Print the full set of records below, character for character and picture-free.
--*--
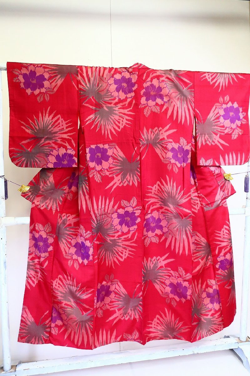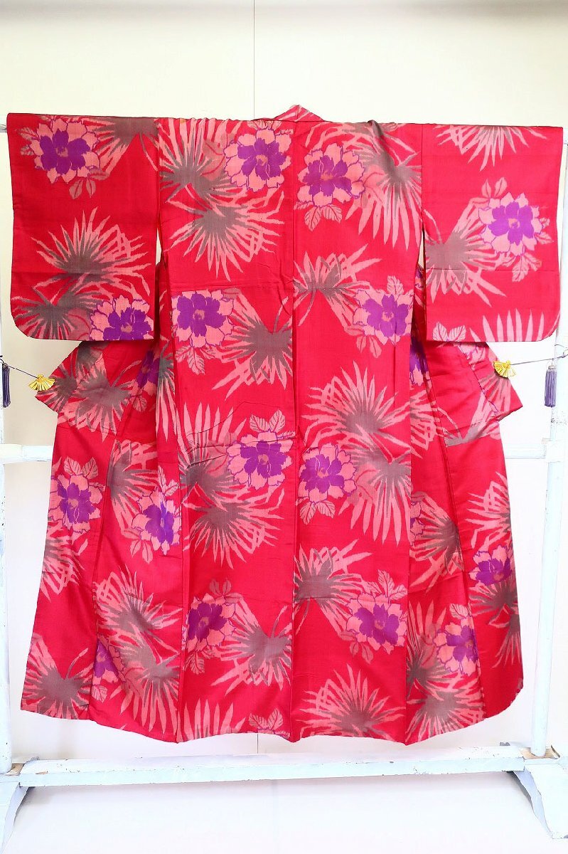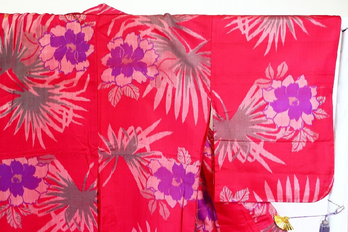 アンティーク 小紋 銘仙 身丈141.0cm 赤ピンク 花文 大正ロマン レトロ 正絹 仕立て上がり kimono 着物フィ 19795 |
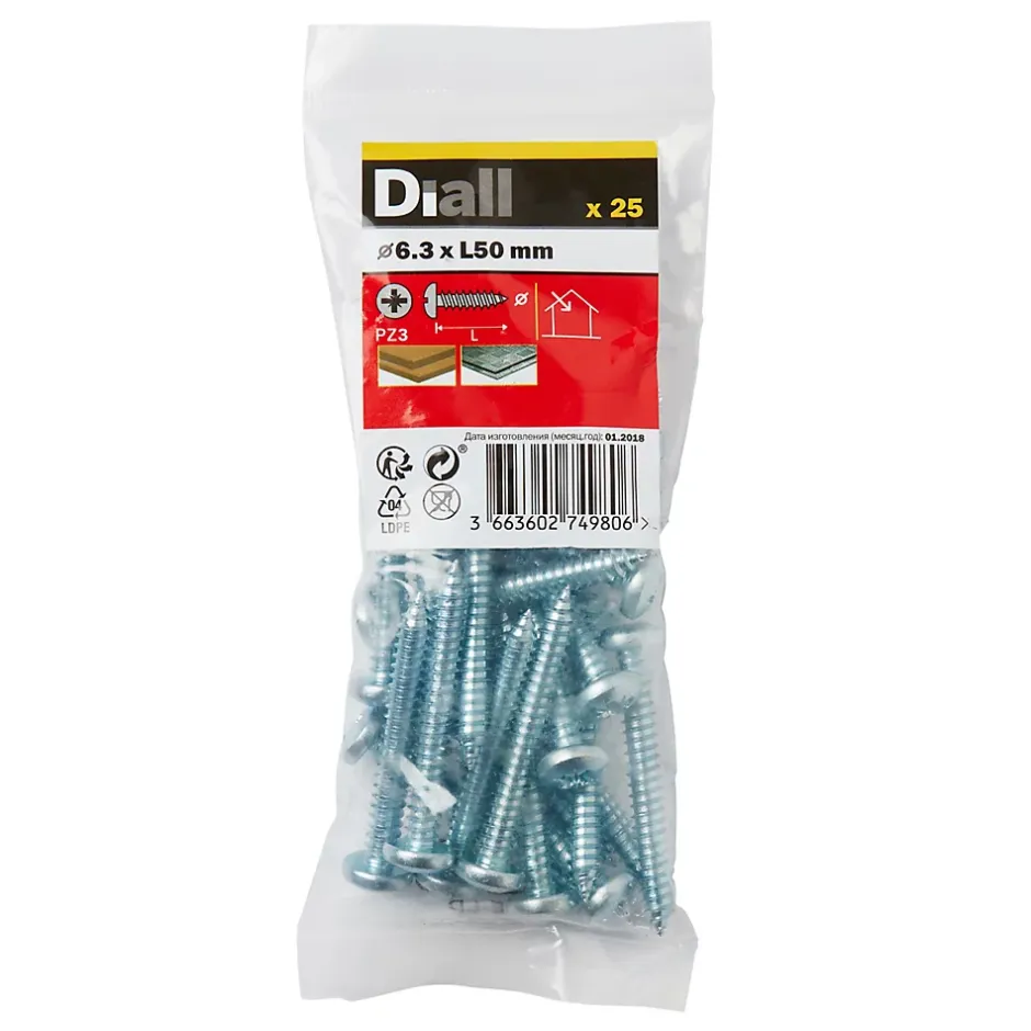 Les 25 vis zinguées autoperceuses à tête cylindrique de ce pack sont fabriquées à partir d’acier au carbone. Elles mesurent 50 mm de long, ont un diamètre de 6,3 mm et sont entièrement filetées. Elles sont idéales pour tout un éventail de projets de bricolage.
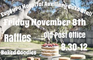 Eugowra Hospital Auxiliary is holding their annual cake stall to raise funds for the MPS from 8:30am to 12pm. All your favourite baked goods, giant Christmas raffle, plants, and 100s club. Tickets are available over the next three weeks at Danny’s, The Fat Parcel and the Craft Shop.
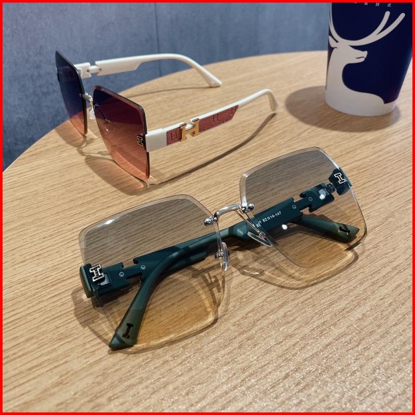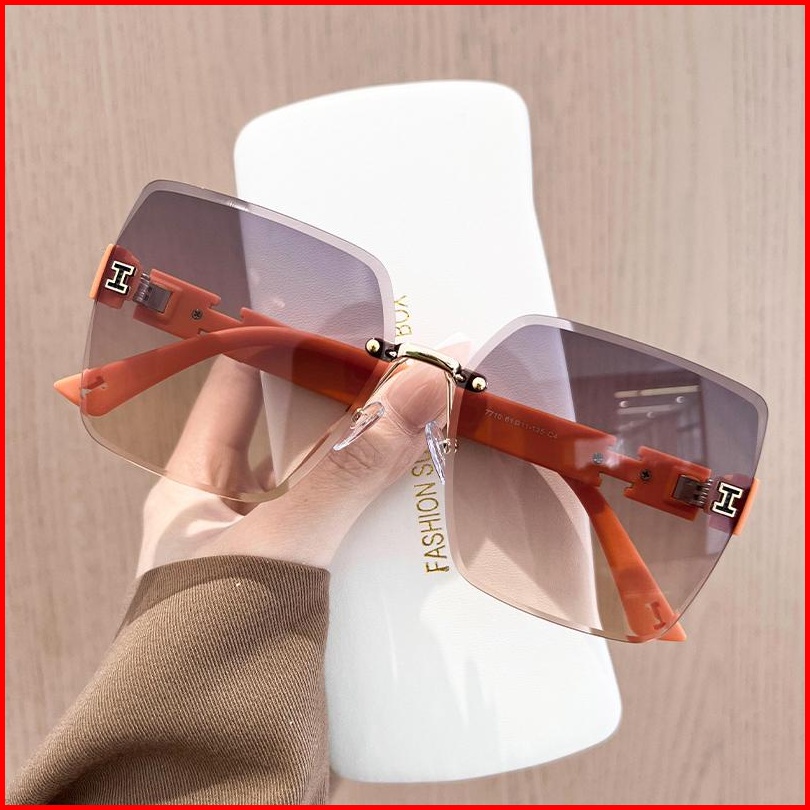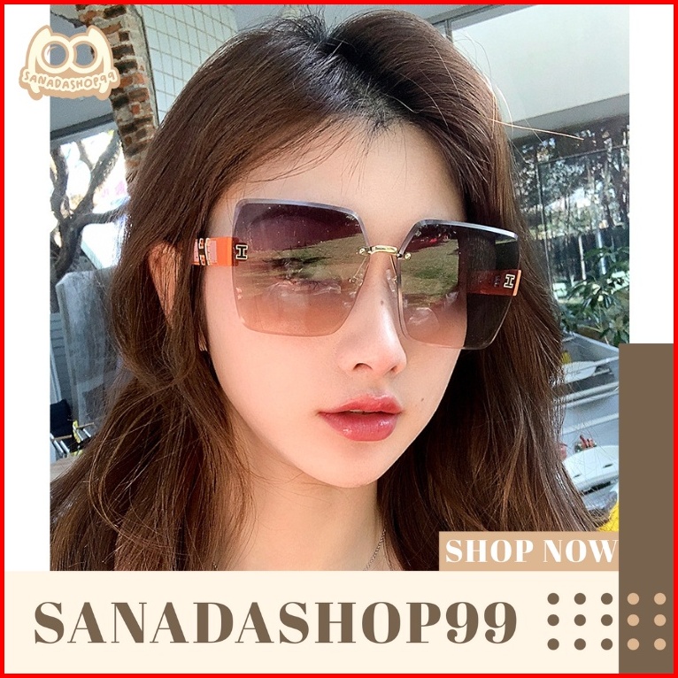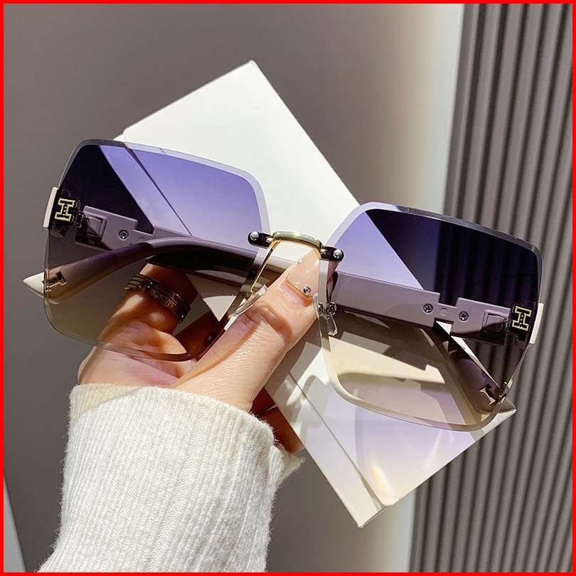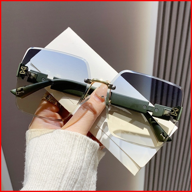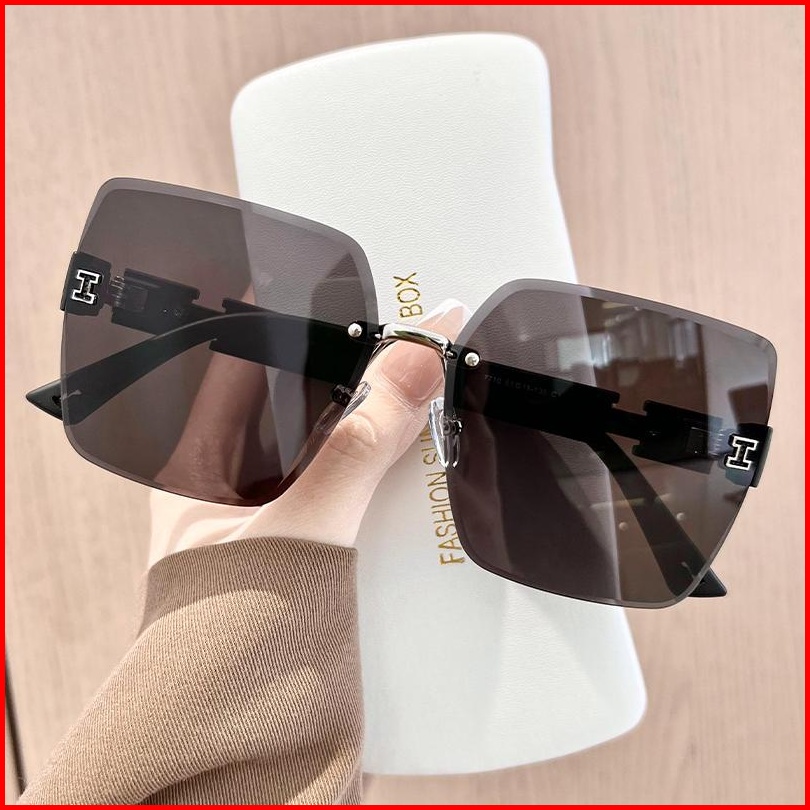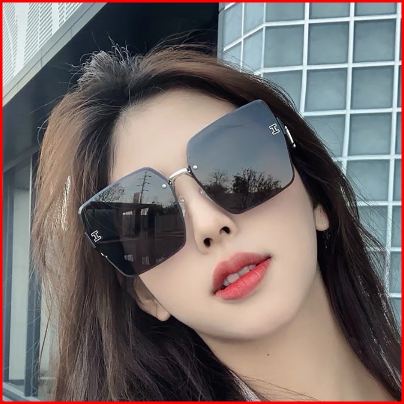 Km63 Kacamata Hitam Pelindung Uv Tanpa Bingkai Kacamata Oversize Korean Style Fashion
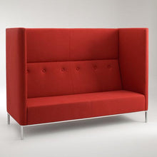 Low back sofas, High booths, High back banquette and Ottoman seating. Upholstered family of single, two or three seater units constructed from timber, steel springs and polyurethane foams. Cast aluminium legs and extruded aluminium rails.
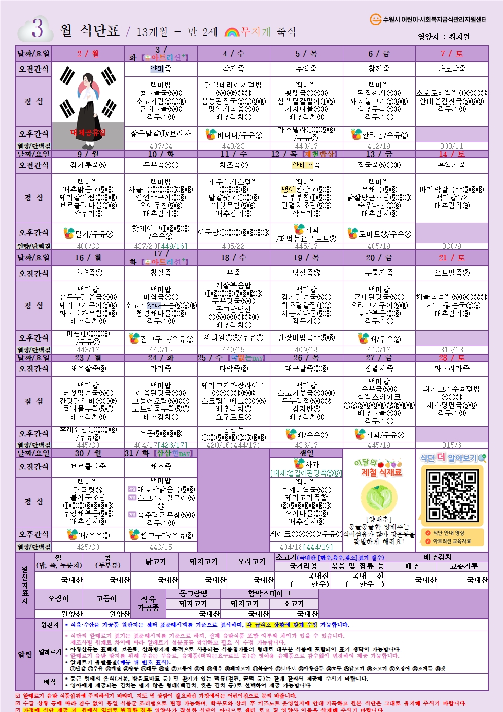 * 급식담당인력수의 취사부는 취사부와 조리사 인력을 합산할 수 있습니다.
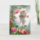 CARTÃO DE FESTIVIDADES ANJO ROMÂNTICO COLHENDO ROSAS E FLORES ROSAS
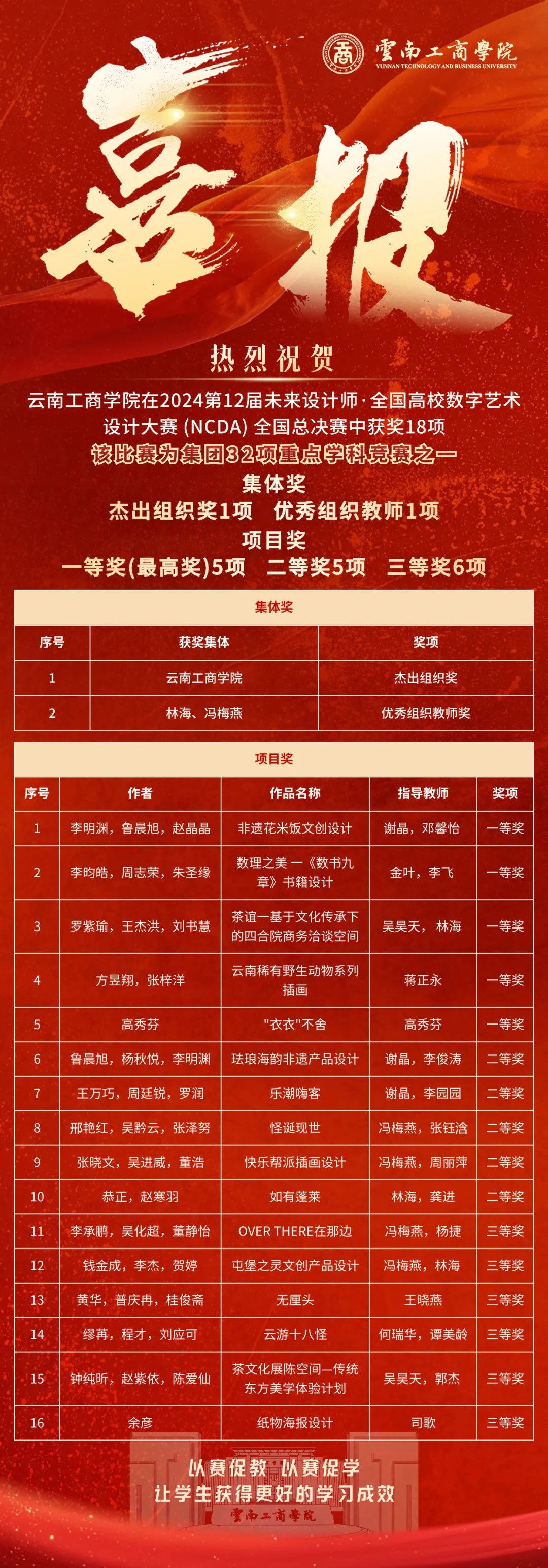 近日,在“第12届未来设计师·全国高校数字艺术设计大赛(NCDA)全国总决赛”中,taptap点点官方网站建筑与设计学院斩获佳绩,获得18项国家级奖项!其中,获得集体奖杰出组织奖1项,优秀组织教师1项;项目奖一等奖 (最高奖)5 项、二等奖 5 项、三等奖 6 项。
--*--
--- Task response ---
 アンティーク 小紋 銘仙 身丈141.0cm 赤ピンク 花文 大正ロマン レトロ 正絹 仕立て上がり kimono 着物フィ 19795 |
 Les 25 vis zinguées autoperceuses à tête cylindrique de ce pack sont fabriquées à partir d’acier au carbone. Elles mesurent 50 mm de long, ont un diamètre de 6,3 mm et sont entièrement filetées. Elles sont idéales pour tout un éventail de projets de bricolage.
 Eugowra Hospital Auxiliary is holding their annual cake stall to raise funds for the MPS from 8:30am to 12pm. All your favourite baked goods, giant Christmas raffle, plants, and 100s club. Tickets are available over the next three weeks at Danny’s, The Fat Parcel and the Craft Shop.
 Km63 Kacamata Hitam Pelindung Uv Tanpa Bingkai Kacamata Oversize Korean Style Fashion
 Low back sofas, High booths, High back banquette and Ottoman seating. Upholstered family of single, two or three seater units constructed from timber, steel springs and polyurethane foams. Cast aluminium legs and extruded aluminium rails.
 * 급식담당인력수의 취사부는 취사부와 조리사 인력을 합산할 수 있습니다.
 CARTÃO DE FESTIVIDADES ANJO ROMÂNTICO COLHENDO ROSAS E FLORES ROSAS
 近日,在“第12届未来设计师·全国高校数字艺术设计大赛(NCDA)全国总决赛”中,taptap点点官方网站建筑与设计学院斩获佳绩,获得18项国家级奖项!其中,获得集体奖杰出组织奖1项,优秀组织教师1项;项目奖一等奖 (最高奖)5 项、二等奖 5 项、三等奖 6 项。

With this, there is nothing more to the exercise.